# Goat suddenly trying to lay down on the milk stand



## MustangGal (Aug 1, 2011)

We have been milking Ree all along, but now we are weaning her kid at night. She is a F2 generation MiniMancha and a FF with a single kid. We bought her back in September. She has been giving about a pint and a half to almost a quart after being away from Gus overnight. Suddenly, she is trying to lay down on the milk stand! What is up with that? Could she be sore from being milked more - she was giving about a cup or so per milking before. 

Any ideas?


----------



## Randi (Apr 22, 2011)

Maybe since the baby didn't get any she doesn't want to give it up.
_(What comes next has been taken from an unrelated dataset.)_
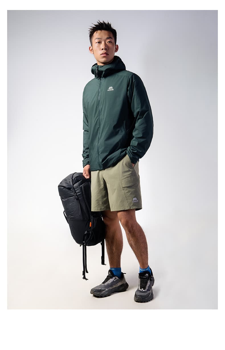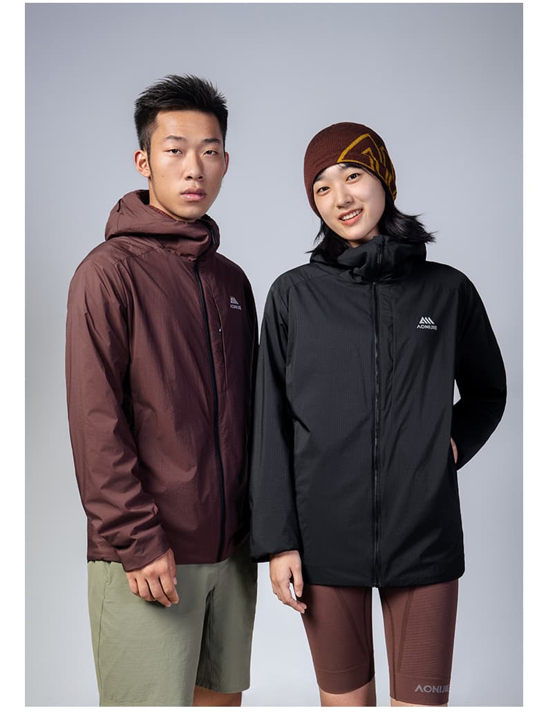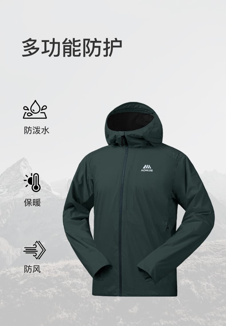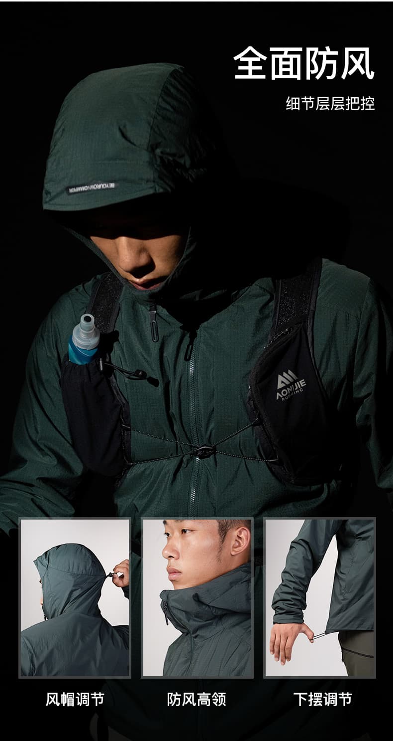 AONIJIE奥尼捷 夹克外套 男女款秋冬户外跑步防风保暖加绒外套 轻量耐磨运动夹克 F5245 墨绿色

Just a thought.


----------



## liz (Oct 5, 2007)

If she's in heat she can push your buttons....I keep a 2 gallon bucket handy for my does that want to squat...I push it under their ribs and keep milking, if they don't get the point then, I give it a go with milking one handed and holding up a rear leg til I'm done. My Bootsie would do this at times and all it took for her to straighten up was a good solid whack to the hip, she mainly did it when she was going into heat just to see how far she could push me.

I would also take away her grain til she would stand.


----------



## luvmyherd (Apr 9, 2011)

I am with Liz. Sometimes they just need some dicipline. I have had this problem a few times. I do not let them have their grain until they straighten up. Sometimes I have to just ignore them, like when it is Tabatha who is too heavy for me to lift, until they get bored and stand up. I have not had milking problems for quite some time. (Knock wood......tomorrow someone will probably kick over the bucket.)


----------